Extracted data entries
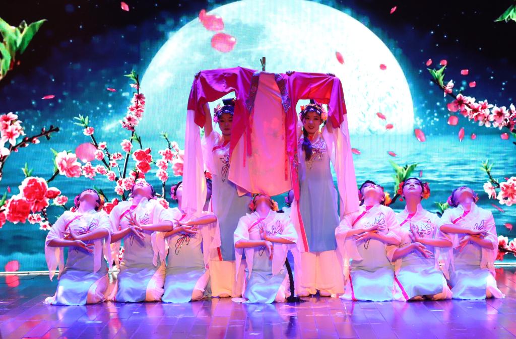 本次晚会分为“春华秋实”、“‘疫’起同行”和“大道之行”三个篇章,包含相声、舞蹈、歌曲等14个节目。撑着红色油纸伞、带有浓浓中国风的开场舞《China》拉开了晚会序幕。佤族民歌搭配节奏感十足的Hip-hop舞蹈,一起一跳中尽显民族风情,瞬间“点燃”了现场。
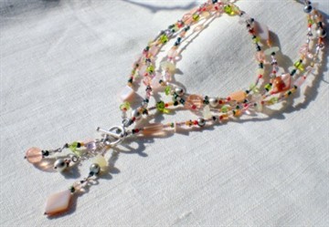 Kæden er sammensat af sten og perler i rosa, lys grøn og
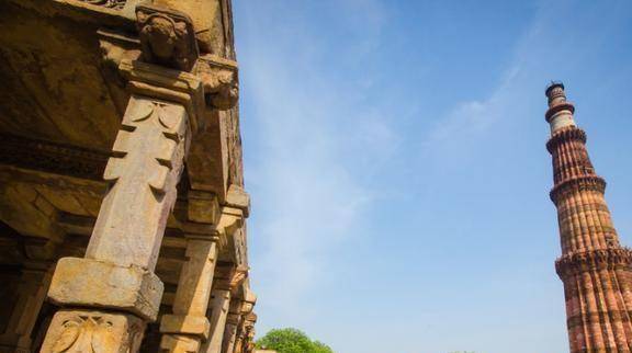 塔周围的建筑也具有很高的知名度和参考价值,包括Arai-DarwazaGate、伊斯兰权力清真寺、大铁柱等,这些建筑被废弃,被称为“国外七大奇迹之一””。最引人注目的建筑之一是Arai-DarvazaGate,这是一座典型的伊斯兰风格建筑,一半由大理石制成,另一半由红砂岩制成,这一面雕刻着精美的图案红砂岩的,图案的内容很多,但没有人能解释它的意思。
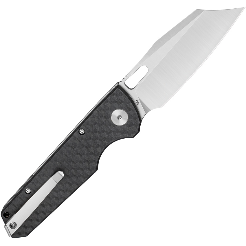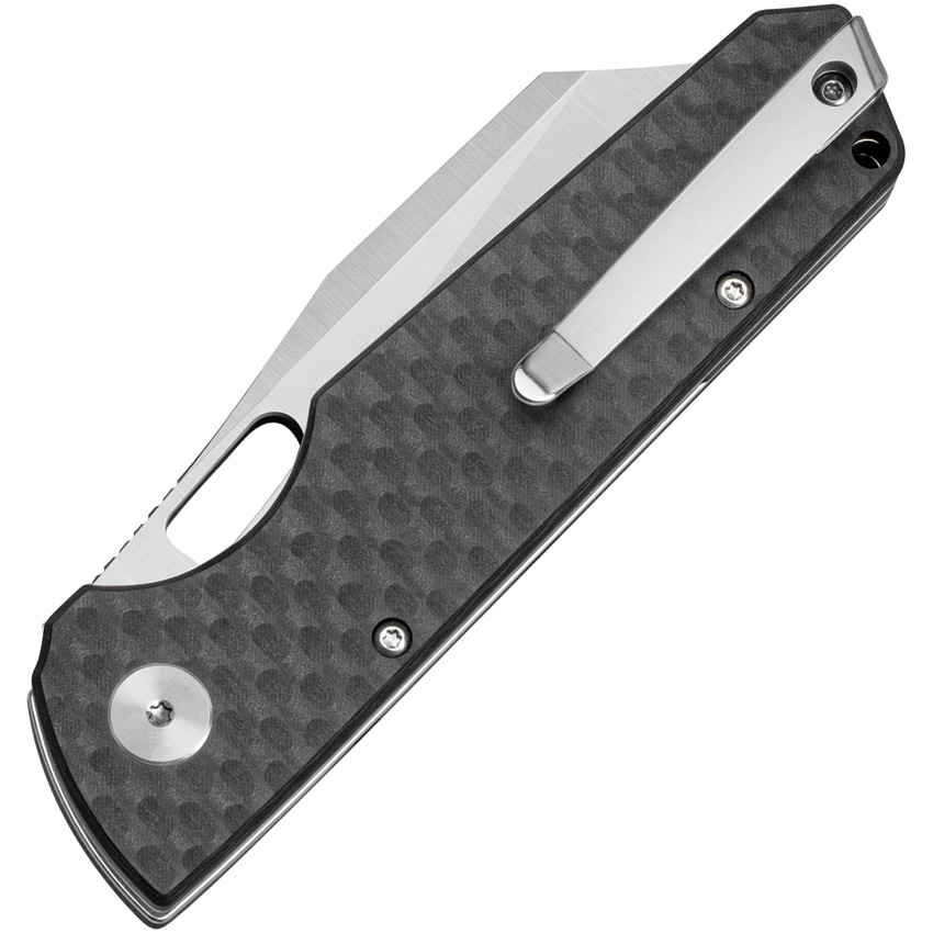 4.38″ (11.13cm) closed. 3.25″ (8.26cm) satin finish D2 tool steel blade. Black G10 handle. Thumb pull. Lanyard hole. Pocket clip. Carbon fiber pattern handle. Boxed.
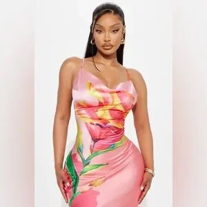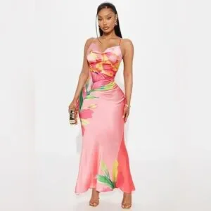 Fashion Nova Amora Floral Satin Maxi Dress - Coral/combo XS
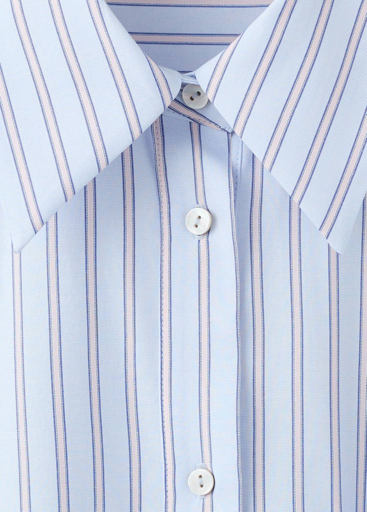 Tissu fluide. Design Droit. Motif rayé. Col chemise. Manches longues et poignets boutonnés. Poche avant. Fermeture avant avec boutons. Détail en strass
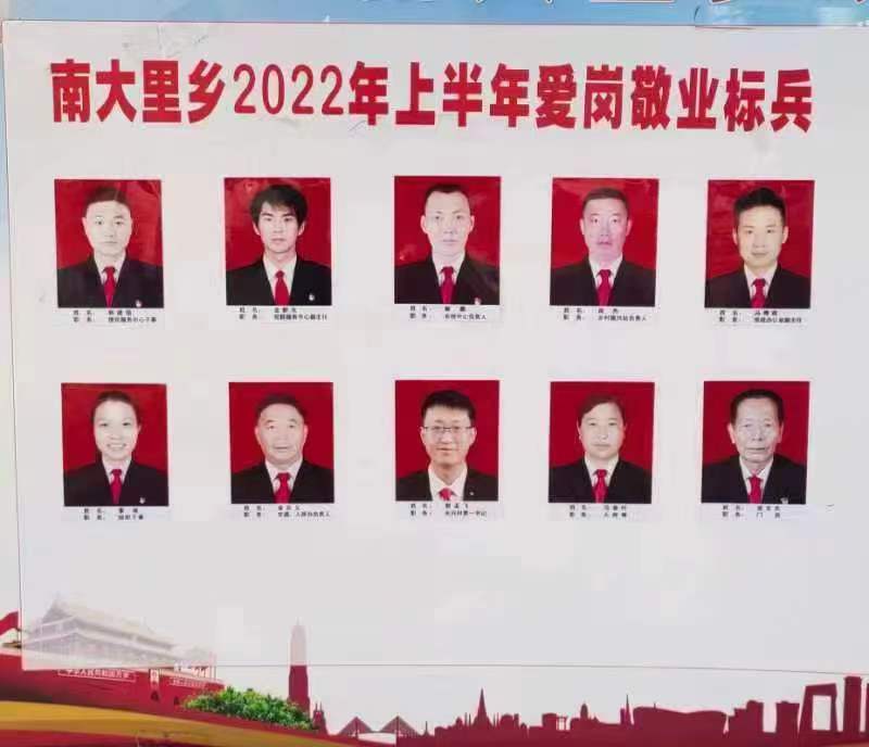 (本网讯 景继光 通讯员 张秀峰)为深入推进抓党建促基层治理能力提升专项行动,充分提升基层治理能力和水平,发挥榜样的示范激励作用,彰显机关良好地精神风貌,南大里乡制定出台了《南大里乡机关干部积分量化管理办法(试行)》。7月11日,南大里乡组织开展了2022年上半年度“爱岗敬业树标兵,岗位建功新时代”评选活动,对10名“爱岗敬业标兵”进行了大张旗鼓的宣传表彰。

What to produce ▸
Without the images, write out all of the records exactly.

Answer space ▸
 本次晚会分为“春华秋实”、“‘疫’起同行”和“大道之行”三个篇章,包含相声、舞蹈、歌曲等14个节目。撑着红色油纸伞、带有浓浓中国风的开场舞《China》拉开了晚会序幕。佤族民歌搭配节奏感十足的Hip-hop舞蹈,一起一跳中尽显民族风情,瞬间“点燃”了现场。
 Kæden er sammensat af sten og perler i rosa, lys grøn og
 塔周围的建筑也具有很高的知名度和参考价值,包括Arai-DarwazaGate、伊斯兰权力清真寺、大铁柱等,这些建筑被废弃,被称为“国外七大奇迹之一””。最引人注目的建筑之一是Arai-DarvazaGate,这是一座典型的伊斯兰风格建筑,一半由大理石制成,另一半由红砂岩制成,这一面雕刻着精美的图案红砂岩的,图案的内容很多,但没有人能解释它的意思。
 4.38″ (11.13cm) closed. 3.25″ (8.26cm) satin finish D2 tool steel blade. Black G10 handle. Thumb pull. Lanyard hole. Pocket clip. Carbon fiber pattern handle. Boxed.
 Fashion Nova Amora Floral Satin Maxi Dress - Coral/combo XS
 Tissu fluide. Design Droit. Motif rayé. Col chemise. Manches longues et poignets boutonnés. Poche avant. Fermeture avant avec boutons. Détail en strass
 (本网讯 景继光 通讯员 张秀峰)为深入推进抓党建促基层治理能力提升专项行动,充分提升基层治理能力和水平,发挥榜样的示范激励作用,彰显机关良好地精神风貌,南大里乡制定出台了《南大里乡机关干部积分量化管理办法(试行)》。7月11日,南大里乡组织开展了2022年上半年度“爱岗敬业树标兵,岗位建功新时代”评选活动,对10名“爱岗敬业标兵”进行了大张旗鼓的宣传表彰。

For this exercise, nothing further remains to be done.